The morning after the Newtown massacre, I heard a fire engine coming from behind as I drove along Rancho Santa Margarita Parkway toward the church I serve in south Orange County, California. I pulled over and watched it roar past, a blur of Christmas red.
At such moments, does your mind work like mine? If I’m near home, at first I think, “Maybe they’re going to our house!” If I’m near work, I think, “I hope there’s nothing wrong at St. John's!” Once these brief visions of incendiary toasters or Advent wreaths recede, I pray that everyone is okay wherever the firefighters are headed and give thanks for all the people in the world who make a vocation out of rushing toward danger.

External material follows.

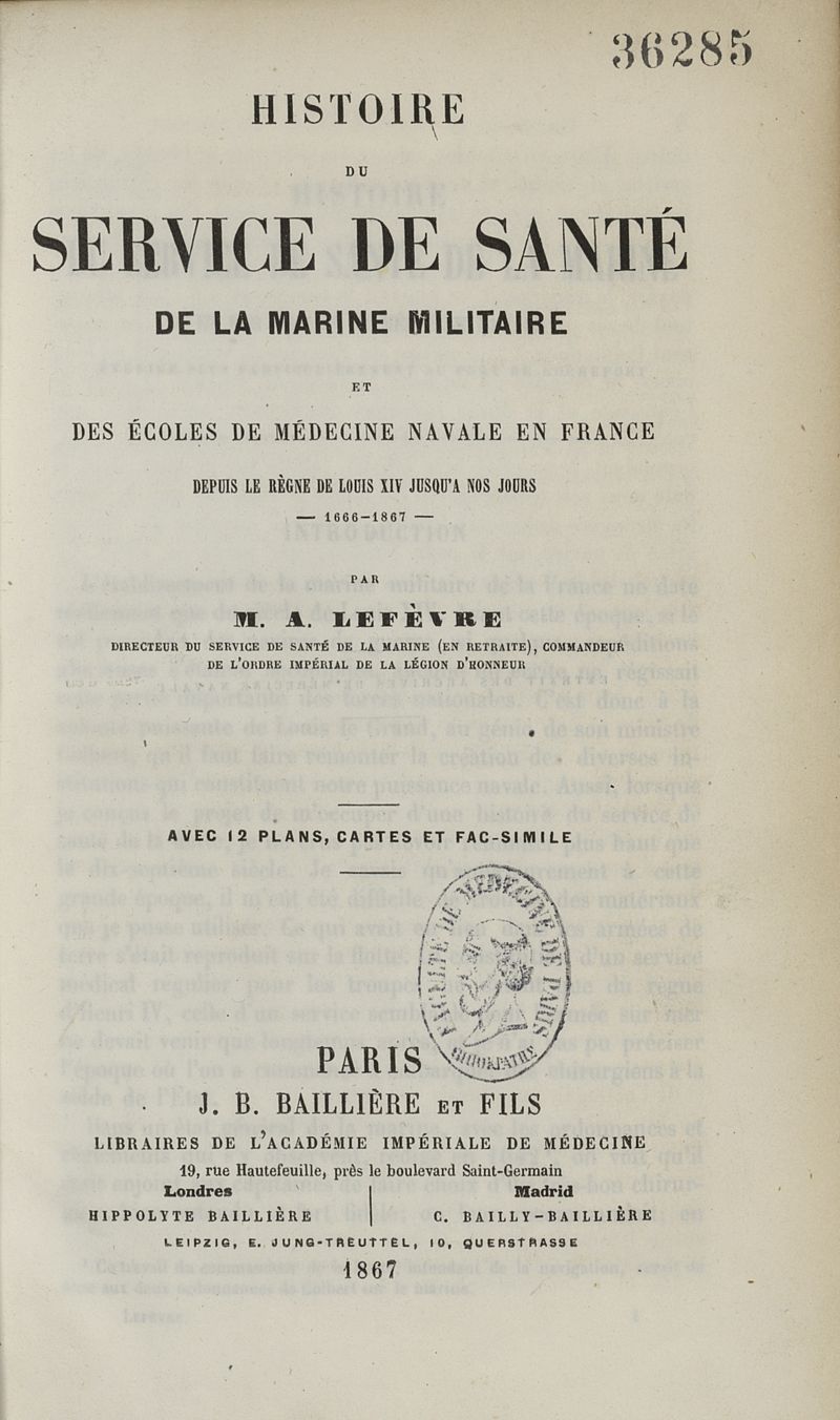 Histoire du service de santé de la marine militaire et des écoles de médecine navale en France depuis le règne de Louis XIV jusqu'à nos jours.
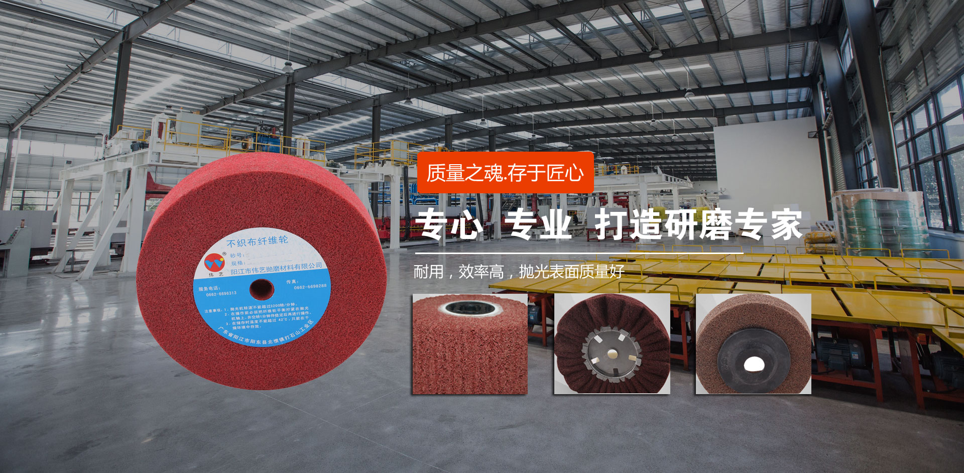 陽江市偉藝拋磨材料有限公司座落于中國刀剪之都——陽江市,具有近二十年尼龍輪生產和銷售經驗,生產基地占地面積4.6萬多平方米。偉藝公司立足自主研發(fā),致力于產業(yè)化發(fā)展。現(xiàn)已研發(fā)、生產了尼龍輪、擦色輪、飛翼輪、拉絲輪、清潔拋、不織布刷輥、工業(yè)擦布、塑膠研磨石、金剛砂、噴膠棉等十多種應用于多種領域的研磨材料,并可以根據客戶的需求提供針對性解決方案和個性化服務。 偉藝公司致...

We’re usually not the victims when horror strikes – until we are. On the Monday after Newtown, I tried to imagine what St. John’s School parents were feeling at drop-off. Their heads probably assured them that their children would be safe on our campus. Their hearts warned that the parents of Sandy Hook Elementary School had made the same assumption.
To the extent that safety is a state of mind, we’re in more a dangerous state this Advent and Christmas. That same Monday at least enabled St. John’s School to thank some of those who risk their lives on our behalf. U.S. Marines and their families visited campus for a chapel service and meetings with our students. Kristen Lanham, Cindy Farnum, and other organizers of our annual Operation Christmas Spirit sent our guests back to Camp Pendleton with presents, food, and clothing.
Preaching in a church packed with students, colleagues, and our guests, I told my fire engine story in the hope of reassuring children who had been hearing about Newtown all weekend. While bad things do happen, we’re pretty safe. If we’re still worried or scared, it helps us feel better when we count our blessings, care for someone else who’s suffering, and give thanks for those from Afghanistan to the neighborhood firehouse who pledge themselves to safety and service.
Worry and fear won’t keep tragedy away, but planning and preparation may. At St. John’s School, we have regular fire and lock-down drills. At the national level, an urgent conversation is underway about the gun violence that marred this year more than any in recent memory. What can we do as one nation under God to deter such acts? It won’t be a thorough conversation unless everything’s on the table, including mental health education and treatment, the prevalence of semiautomatic weapons, and the way video game and television violence influences troubled people.
What might help most of all would be paying more and better attention to one another in our fractious, individuated society. Faith communities such as St. John’s can contribute by modeling how to conduct civil dialogue on difficult issues, build and sustain mutually supportive communities, and care for the lonely, despondent, and marginalized.
Thinking there’s nothing we can do after a moment like Newtown would inflict tragedy on tragedy. As Charles Dickens wrote in A Christmas Carol, “Any Christian spirit working kindly in its little sphere, whatever it may be, will find its mortal life too short for its vast means of usefulness.” Every one of us is part of the solution, capable of accomplishing far more of God’s just and righteous purposes than we usually imagine. But how could it be otherwise at Christmas, as we prepare to celebrate our enlightenment and empowerment in Emmanuel, God with us?